What is VENOM?
On 13 May 2015 (this Wednesday) a security vulnerability was publicized under the name VENOM. In the Common Vulnerabilities and Exposures system, this is registered as CVE-2015-3456.
This vulnerability concerns certain hypervisors such as Qemu/KVM. Hypervisors are used in virtualized IT environments—such as SWITCHengines—to run virtual machines. On the one hand, the hypervisor emulates an environment that looks to the "guest" like a real machine where the guest has full control over the (virtual) hardware. On the other hand, the hypervisor must ensure that different "guests" (VMs) are isolated from each other and from the "real" (physical) host that those VMs run on.
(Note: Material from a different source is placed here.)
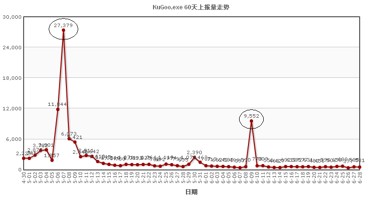 截止到6月29日,“云安全”數(shù)據(jù)中心顯示,酷狗網(wǎng)站在5月7日和6月9日仍有小范圍的被掛馬行為。(5月7日截獲到KuGoo.exe訪問掛馬網(wǎng)站的數(shù)量為27379,6月9日為9552)

VENOM is an error (basically buffer overflow/insufficient bounds checking) in the emulation part, specifically the emulation of floppy disk drives. The error allows the guest to write into the hypervisor process's memory space. This can easily be used to crash the hypervisor. Past experience shows that, with some additional work, this type of vulnerability can be used to "break out" of the hypervisor process and perform actions with the privilege level of that process. Hypervisor processes run as root (the super-user) on most systems including ours. So a clever exploit of this bug could allow an attacker to completely take over control of the host.
Fixing the Problem: Reboot all VMs?
In order to protect SWITCHengines users (and our infrastructure) against these possible attacks, we installed fixed software versions of the hypervisor we use (the Ubuntu qemu-system-x86 package). Fortunately these fixed packages became available on the same day that the vulnerability was published, and we had them installed on all our systems the next morning (14 May 2015).
But what to do with the hypervisor processes that were already running? There were more than 500 of those, one for each active customer instance/VM. In an article about VENOM and OpenStack, the authors claim that "a reboot or suspend/resume [of all customer VMs] is required in order for this fix to apply". Ouch! So we need to reboot or interrupt all these 500 VMs of our customers?
If you have a long-running VM on SWITCHengines, you will notice that it was not rebooted or suspended this week. And yet, it now runs under a fresh (and patched) hypervisor. You may have noticed a short period where the VM was running slowly and/or with limited network connectivity.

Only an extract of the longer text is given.